Some people use one drug or substance in order to counteract the unpleasant effects of another. For instance, certain drugs (i.e. cocaine) can make people feel anxious, especially once the initial high wears off. In order to combat this anxiety, people may take medication that is meant to reduce this system.

In some cases, people unintentionally become dependent on drugs or alcohol. They may engage in polydrug use without realizing that they’re doing so. For example, some people may consume alcohol or take medication, not realizing that they have already taken medication that shouldn’t be combined with other substances. 

But, as far as multiple drug abuse problems are concerned, many people become involved with this harmful substance use habit knowingly. Often, individuals who regularly use substances such as cocaine, heroin, methamphetamine, and so forth begin seeking a more intense “rush”. Using a combination of drugs can often provide that sensation. So, users may begin to abuse multiple drugs at the same time in order to experience this rush.

Intentional polydrug abuse doesn’t always involve illicit drug use. Sometimes, people abuse multiple prescription drugs. Many prescription drugs are both addictive and habit-forming. When taken in excess, some of these substances can create a euphoric high, causing users to become dependent on them. 

Whether a person becomes dependent on prescription drugs, illicit drugs, or alcohol, this can result in substance abuse and addiction. When the body depends on a substance, it craves the substance severely and intensely. This causes users to continue using, regardless of the dangers or consequences.

Again, people often engage in multiple drug abuse in an attempt to heighten or intensify the effects of the drugs they’re using. Certain drugs elevate the effects of others. So, people may use two or more substances simultaneously or directly after one another in order to experience the amplified impact of alcohol or drugs.

Which Types of Addiction Often Co-Occur?

As a result of regularly using more than one substance at the same time, many people develop addictions to multiple substances. Some of the common substance combinations which people may abuse include the following:

Cocaine and Alcohol

Sometimes, individuals use cocaine and alcohol together. Alcohol is a depressant while cocaine is a stimulant drug. Many people who use this combination do so because they believe that alcohol will make the effects of cocaine last longer. Cocaine use creates a sense of euphoria, a “high”. 

While some people combine alcohol and cocaine in an attempt to strengthen the pleasant effects of these substances, others do so because they believe this combination will lessen or weaken the unpleasant effects of these substances. These undesirable effects include anxiety and twitching, which can be uncomfortable for users.
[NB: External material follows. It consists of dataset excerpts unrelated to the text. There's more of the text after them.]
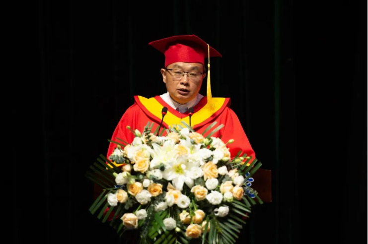 “每一段值得铭记的青春,始终是与祖国同向而行的青春,是挥洒汗水铸就的青春,是依靠学习走向未来的青春,是在平凡中孕育伟大的青春。”校长潘良明说。希望同学们以奋发之姿勇挑国家民族重任,与伟大的祖国一起奋斗、一起成长,为实现中华民族伟大复兴中国梦而不懈奋斗。希望同学们将“知行至善、厚积薄发”的校训精神内化于心、外化于行,坚守“追求卓越”的进取之心,将所学应用于实践,以“人一之、我十之,人十之、我百之”的奋斗姿态,在攀峰登高中奋勇前行,在攻坚克难中锤炼意志,在奋楫争先中成就自我。希望同学们在新的人生阶段,时刻增强知识更新的紧迫感,始终把学习作为立身做人的永恒主题,向他人学习、向世界学习,养成学贯中西的学识、胸怀天下的气魄、求真求善的质朴、善作善成的担当。希望同学们从“平凡”处起笔,投身社会的巨浪和时代的洪流中去,以平凡之心诠释坚守之志,在历史中留下“不平凡”的痕迹。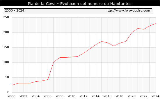 el numero de habitantes en Pla de la Cova era de 230, 8 habitantes mas que el en el año 2023. En el grafico siguiente se puede ver cuantos habitantes tiene Pla de la Cova a lo largo de los años.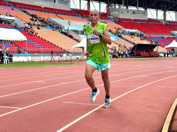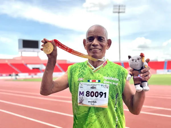 สุคนธ์ เกื้อเล้ง นักวิ่งรุ่นเก๋าจากสระบุรี ผงาดคว้าเหรียญทองแรกของ “โคราชเกมส์” กีฬาผู้สูงอายุฯ ครั้งที่ 17 ด้วยเวลา 25.59.95 นาที ในประเภทวิ่ง 5,000 เมตร ชาย รุ่นอายุ 80 ปีขึ้นไป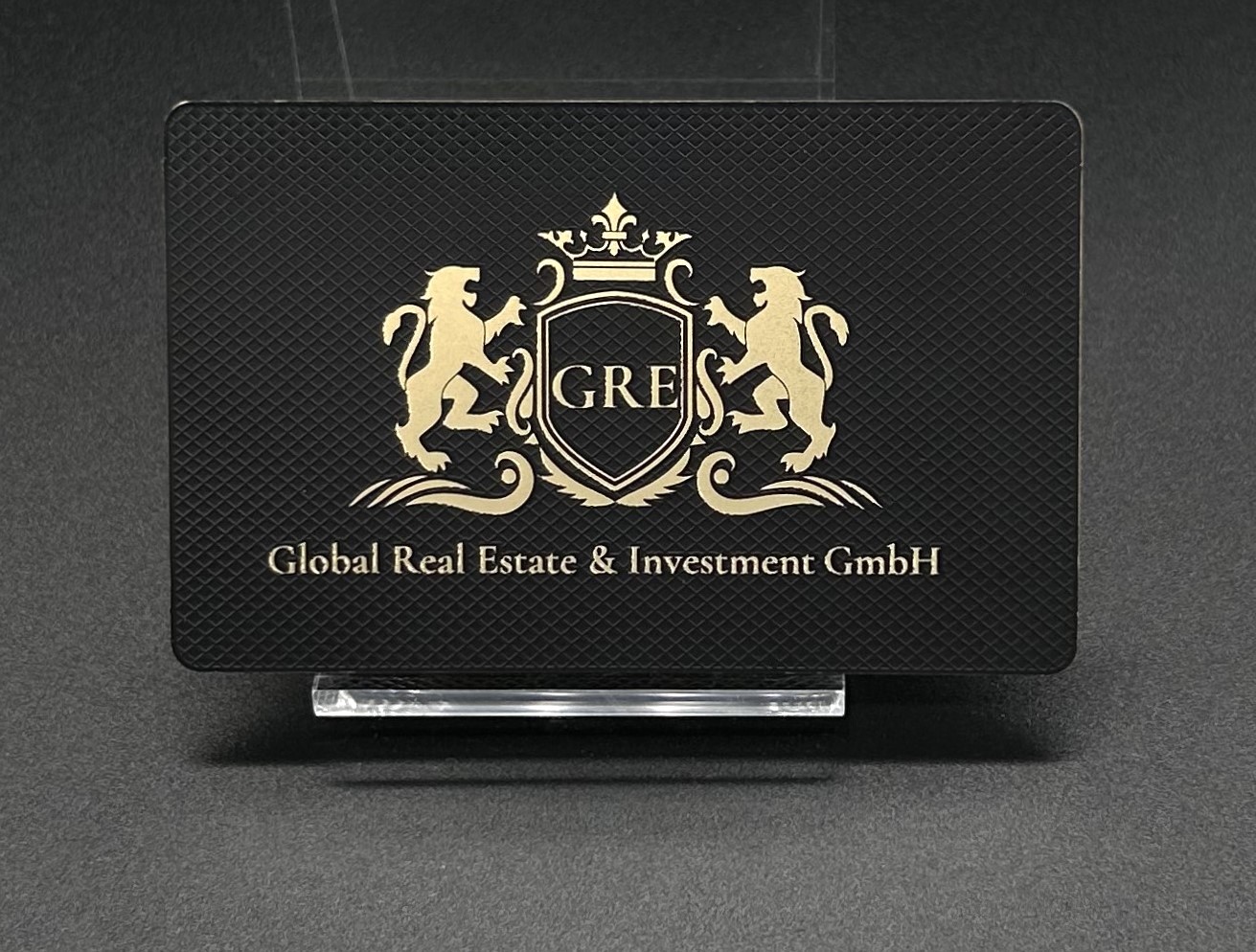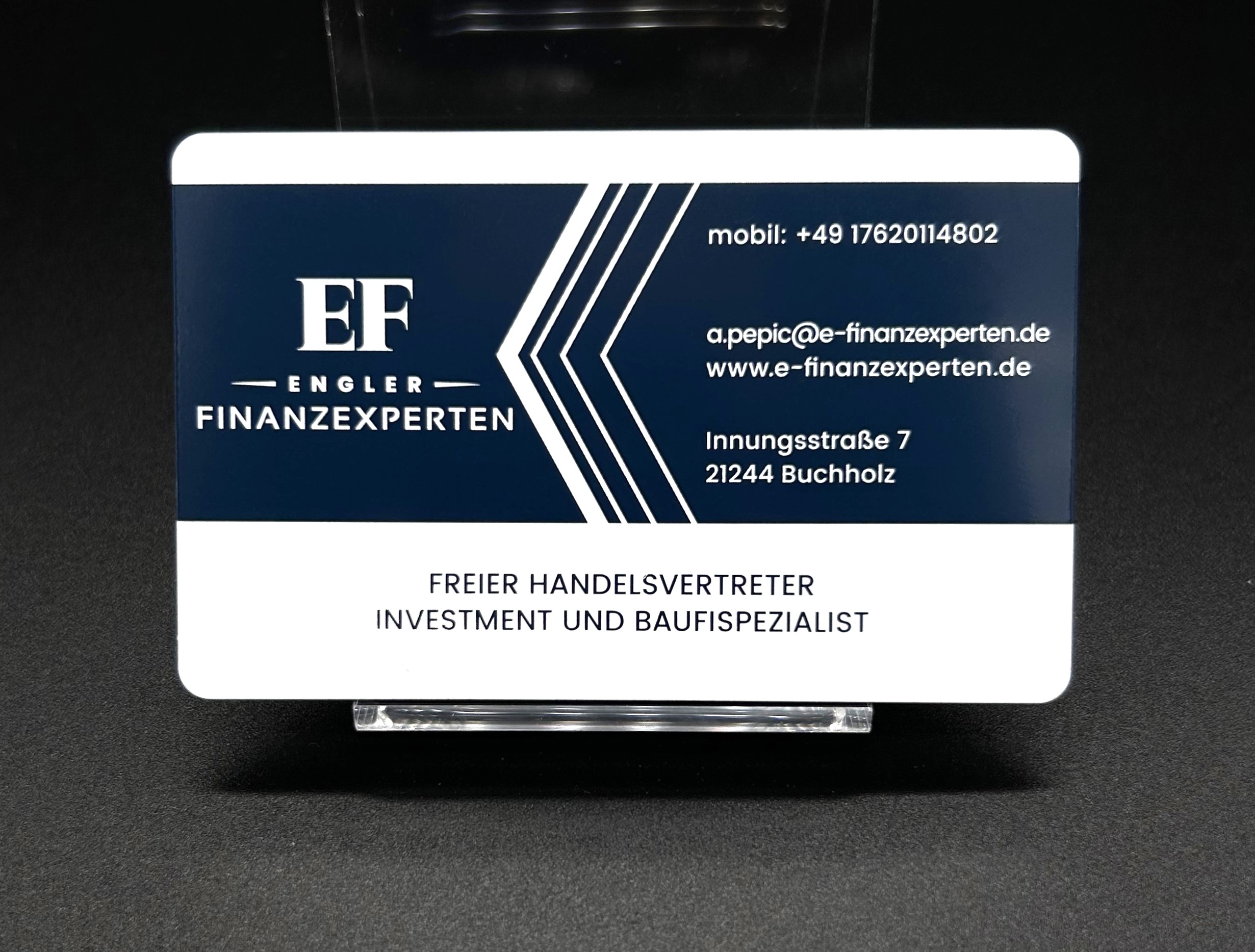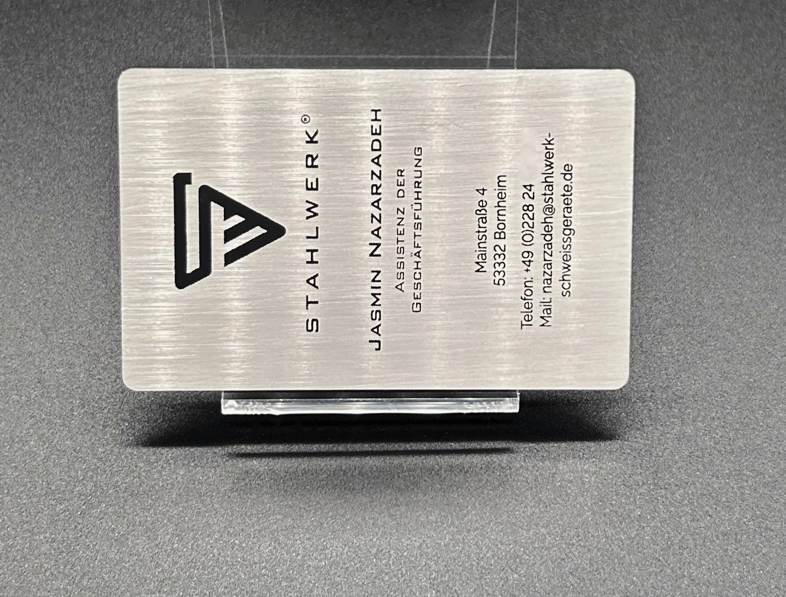 Ob eine einfach Metallvisitenkarte, ausgefallene Varianten mit Gittermuster, NFC-Chip, eingraviertem Logo oder eine von 4263 weiteren Möglichkeiten.

Also, using cocaine along with alcohol can help to weaken the effect of alcohol. This makes it easier for users to consume more alcohol. 

Either way, the impact of using this substance combination remains the same. When alcohol and cocaine combine, they cause the liver to develop cocaethylene, a chemical that can be very dangerous. Its effects can be felt almost immediately; it causes the desired effects of alcohol and cocaine to become stronger and more intense.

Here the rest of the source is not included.